At AMD, our mission is to build great products that accelerate next-generation computing experiences—from AI and data centers, to PCs, gaming and embedded systems.
Requirements
- Languages: Python, C, C++, Linux Shell scripting.
- Frameworks/Libraries: TensorFlow, PyTorch, ONNXRT
- Tools: Prior experience with Linux, Docker, Kubernetes,SLURM, LLVM compilers
- Good experience with complex computer systems used in AI, HPC deployments, backend network designs in RDMA clusters
- Experience in validating complex AI infrastructure - GPUs, networking, ROCEv2, UEC, running benchmark tests like IBPerf benchmarking, RCCL/NCCL.
- Experience with performance profiling of CPUs, GPUs and debugging complex compute, network, storage problems.
Responsibilities
- Work with AMD’s architecture specialists to validate AI solutions for distributed training and inference workloads with AMD's ROCM software
- Build cluster scale automation for distributed training and inference workloads
- Reproduce field defects and develop appropriate tests to prevent future issues.
- Design, develop and deploy testing tools and automation libraries necessary to perform testing.

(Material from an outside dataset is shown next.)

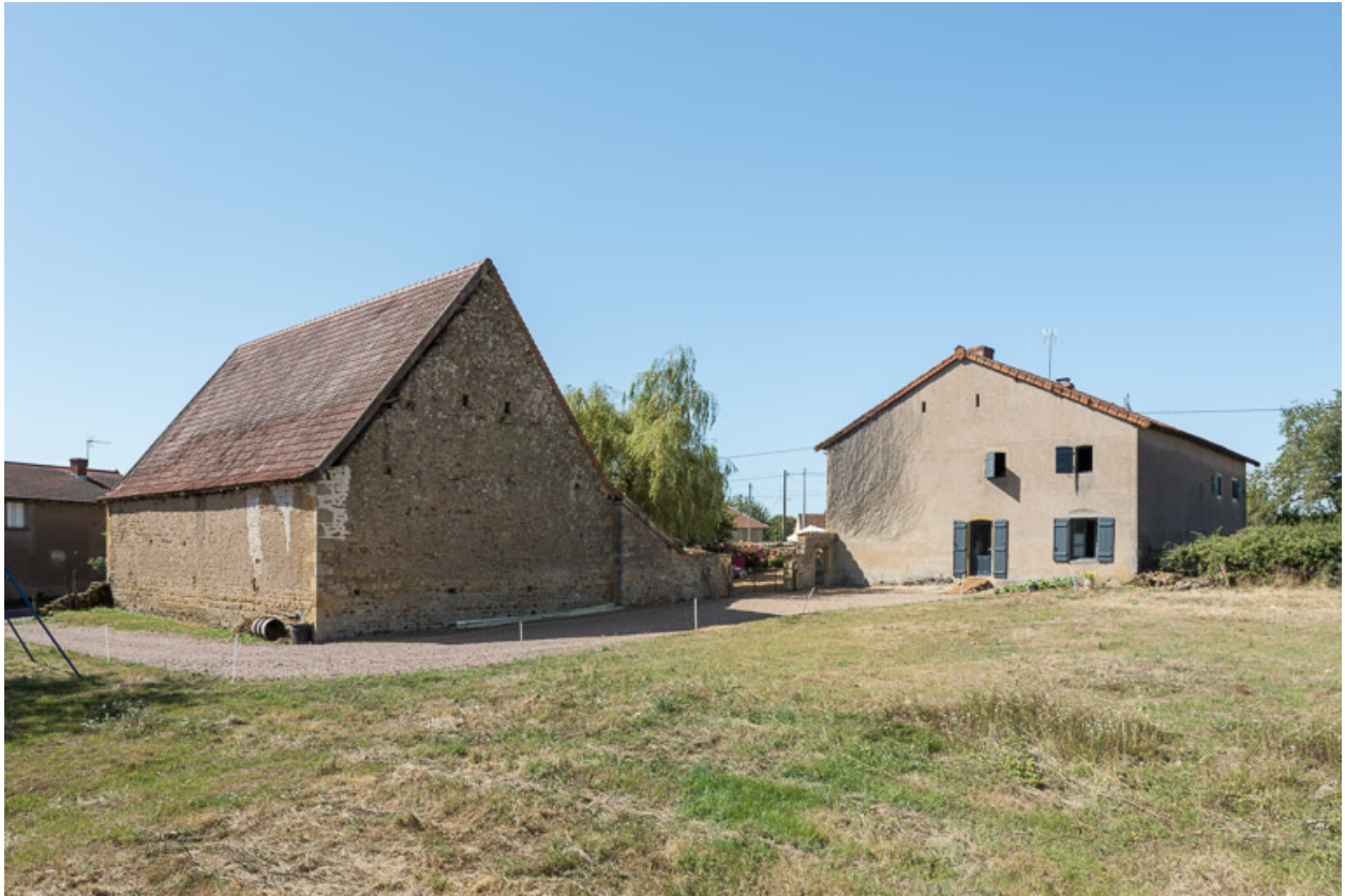
Vue d'ensemble de la ferme au nord

- Lead the adoption of tooling and industry best practices by means of advocacy and outreach to help our development communities level up.

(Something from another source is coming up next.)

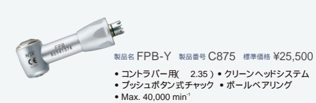
製品名 FPB-Y 製品番号 C875 標準価格 ¥25,500 ・コントラバー用( 2.35 ) ・クリーンヘッドシステム ・プッシュボタン式チャック ・ボールベアリング ・Max. 40,000 min -1

- Other duties as assigned
Other
- Bachelor's Degree or higher in Computer Science or related quantitative field.
- An advanced degree or equivalent practical work experience is a plus.
- This role is not eligible for visa sponsorship.
- Able to communicate effectively and work optimally with different teams across AMD.
- Leadership skills to drive sophisticated issues to resolution.